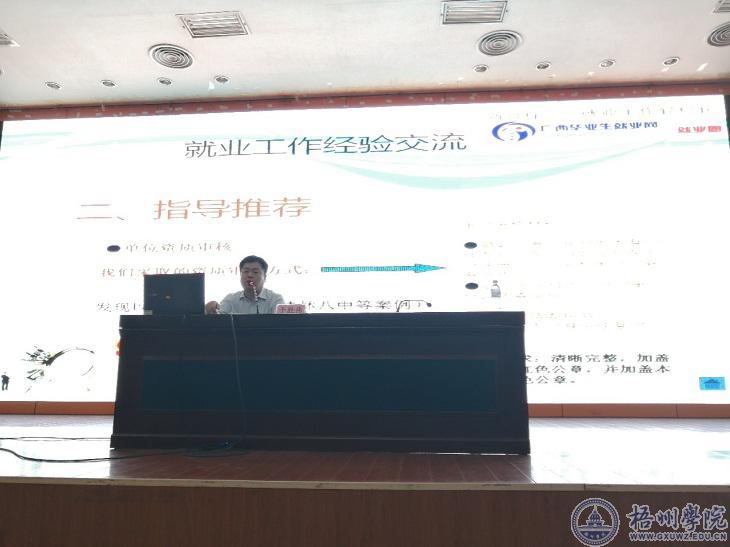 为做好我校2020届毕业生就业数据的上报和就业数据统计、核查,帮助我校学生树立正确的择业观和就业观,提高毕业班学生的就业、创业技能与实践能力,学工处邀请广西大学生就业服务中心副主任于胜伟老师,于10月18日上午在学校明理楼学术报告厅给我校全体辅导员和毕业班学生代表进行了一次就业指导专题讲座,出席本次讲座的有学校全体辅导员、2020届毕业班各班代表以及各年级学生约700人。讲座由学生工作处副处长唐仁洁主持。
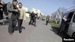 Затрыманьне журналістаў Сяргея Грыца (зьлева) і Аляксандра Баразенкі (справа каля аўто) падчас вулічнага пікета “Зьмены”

■ ■ ■ ■

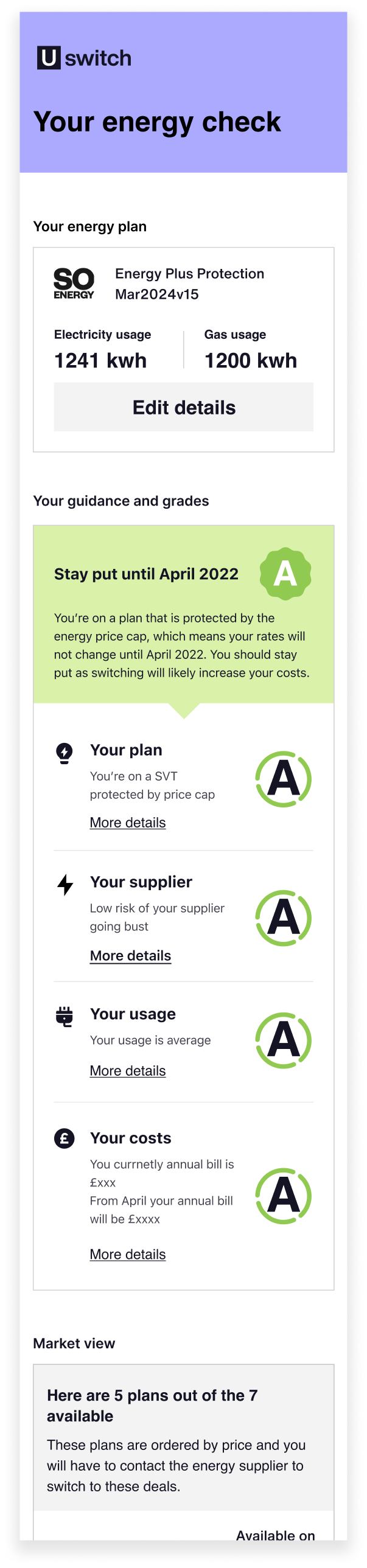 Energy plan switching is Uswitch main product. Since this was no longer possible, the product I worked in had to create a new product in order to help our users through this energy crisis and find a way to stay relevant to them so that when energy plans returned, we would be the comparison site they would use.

■ ■ ■ ■

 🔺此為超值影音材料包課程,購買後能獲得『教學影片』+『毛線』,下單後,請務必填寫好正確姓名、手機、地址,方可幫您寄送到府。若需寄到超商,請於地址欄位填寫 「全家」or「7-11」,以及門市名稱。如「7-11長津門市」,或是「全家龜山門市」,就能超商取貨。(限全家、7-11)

■ ■ ■ ■

● **EXERCISE AIM**
Skipping every picture, transcribe exactly the lines above from the one containing "为做好我校2020届毕业生就" through the one containing "Затрыманьне журналістаў Сяргея", both included.

● **RESULT FOR THIS TASK**
 为做好我校2020届毕业生就业数据的上报和就业数据统计、核查,帮助我校学生树立正确的择业观和就业观,提高毕业班学生的就业、创业技能与实践能力,学工处邀请广西大学生就业服务中心副主任于胜伟老师,于10月18日上午在学校明理楼学术报告厅给我校全体辅导员和毕业班学生代表进行了一次就业指导专题讲座,出席本次讲座的有学校全体辅导员、2020届毕业班各班代表以及各年级学生约700人。讲座由学生工作处副处长唐仁洁主持。
 Затрыманьне журналістаў Сяргея Грыца (зьлева) і Аляксандра Баразенкі (справа каля аўто) падчас вулічнага пікета “Зьмены”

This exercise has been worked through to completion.